I Am with You: The Active Love of Samwise Gamgee



     Samwise Gamgee is one of J.R.R. Tolkien’s most beloved characters. He is loyal, brave, and selfless. At the mere mention of his name many images rise to the minds of fans and pull at their hearts. Sam hunkering down in the garden below Frodo’s window, eavesdropping; the ring of his shout as he jumps out of hiding at the Council of Elrond and declares that Frodo won’t go to Mordor alone; all of the sleepless nights Sam passes to watch over Frodo and keep him safe from Gollum. And, at the end of all things, Sam carrying Frodo up the empty black slopes of Mount Doom.

       Then the reader is reminded that he starts out as Frodo’s gardener. Would he have jumped straight from his flower pots at Bag End to stabbing Shelob with Sting? Where did his intense love and loyalty come from? Over the course of the story the reader comes to understand that Sam’s devotion to Frodo is one of constant choice and of giving far more than is asked of him. 

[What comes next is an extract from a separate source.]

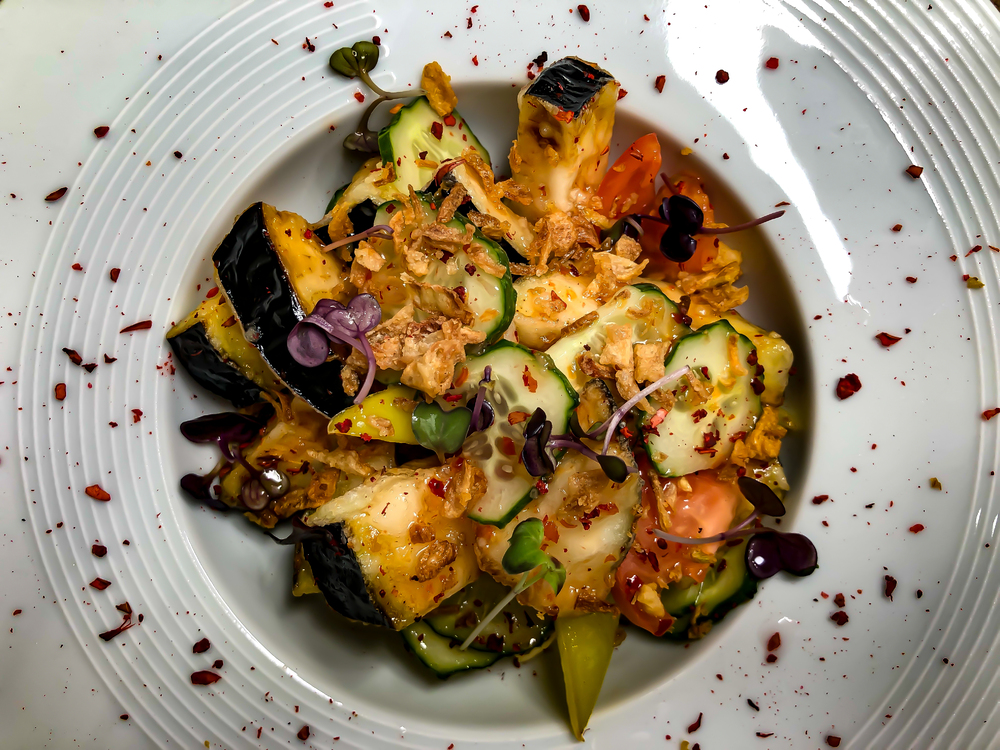 Баклажаны, томаты, перец болгарский, черри, соус чили

        From the very first pages of The Fellowship of the Ring the reader finds Sam and Frodo as two friends who have grown up together. A great amount of time has passed between them in friendship; from friend and playmate to gardener and employer. Sam refers to Frodo as ‘Mr. Frodo’ and quite often as ‘Master’. Doing so is a simple choice that is often passed over, yet it sets the groundwork of their bond. It makes it immediately clear that Sam holds Frodo in the highest regard and is very prepared to serve him.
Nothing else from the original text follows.